In the evening, Guo Changcheng leaves the care centre for children with autism. The sky is murky, and the streets are not easy to get through as snow has just fallen in Dragon City. He can only drive like a snail in the snow, and pray that he will get there before the post office closes.

His small battered car is stuffed with all kinds of books: some are textbooks and exercises, some are young fiction; all wrapped in multiple layers of kraft paper and plastic wrapping. Pile after pile, neatly arranged; at a glance, it looks very much like a delivery from purchasing books online.

Guo plans on giving these to a primary school he is sponsoring before the New Year.

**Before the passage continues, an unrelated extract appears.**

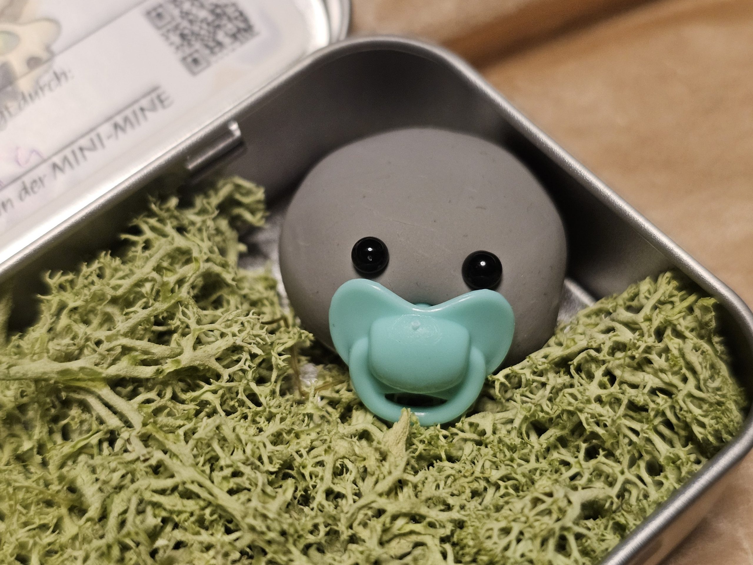 Jeder süße Baby Kiesel ist ein Unikat und bringt sein eigenes kleines Zuhause mit: eine gemütliche Metalldose, etwas Moos als kuscheliges Bett, kleine Edelsteine als Snacks, einen Napf zum Essen, alles was ein kleiner Stein braucht um mal ein großer Felsen zu werden. Je nach Variante kommt dein Kieselchen mit einem Fläschchen oder einem Schnuller.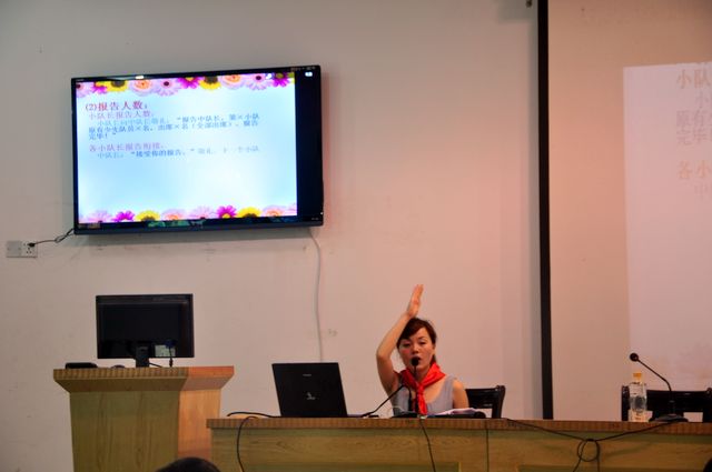 下午,湖南农业大学弟子学校大队辅导员陈曦同志对大家进行培训授课。她在少先队礼仪、少先队活动等各个方面进行了系统、全面的讲述。为了使大家能深刻地记住她讲授的内容,现场进行了中队活动模拟表演。

His driving skills are rather mediocre, and he is not very brave. On the slippery road, his car crawls like a giant tortoise, and still, he almost bumps into someone.

A person in grey dashes out into the traffic, and almost rolls under the wheels of Guo’s car. Several cars stop abruptly, luckily everyone has been driving slowly, so no further chaos is caused.

A grumpy driver rolls down the window. He bellows, “Are you sick!? Find somewhere quieter for racketeering, will ya?

But Guo isn’t as fierce. He’s frightened, and his palms are drenched in sweat. He scrambles off the car and his voice shivers, “You… Are you okay? Sorry, I’m really sorry.”

The person who fell is really skinny, so skinny as to appear deformed. A weathered and withering face, the wide brim hat covers almost half the face, as if the whole person is shrouded in darkness. With skin in the colour of a pale yellow, the person looks to be on the verge of death.

The angry driver is still yelling, “Hey bro, leave him, will ya? He’s a lunatic! Why didn’t you just run him over?”

Guo indecisively waves towards the angry driver, but as he looks at the person in front of him, he is even more terrified. He hesitantly extends his hands to help, “Can you stand up? How about… how about I send you to the hospital?”

But the person in a hat doesn’t accept his help and quickly squats his hands away, facing up and staring at Guo. The eyes look dead, and the gaze inexplicably petrifying. Guo shivers.

Then, the person with a hat stands up, and without looking at him again, hurries off.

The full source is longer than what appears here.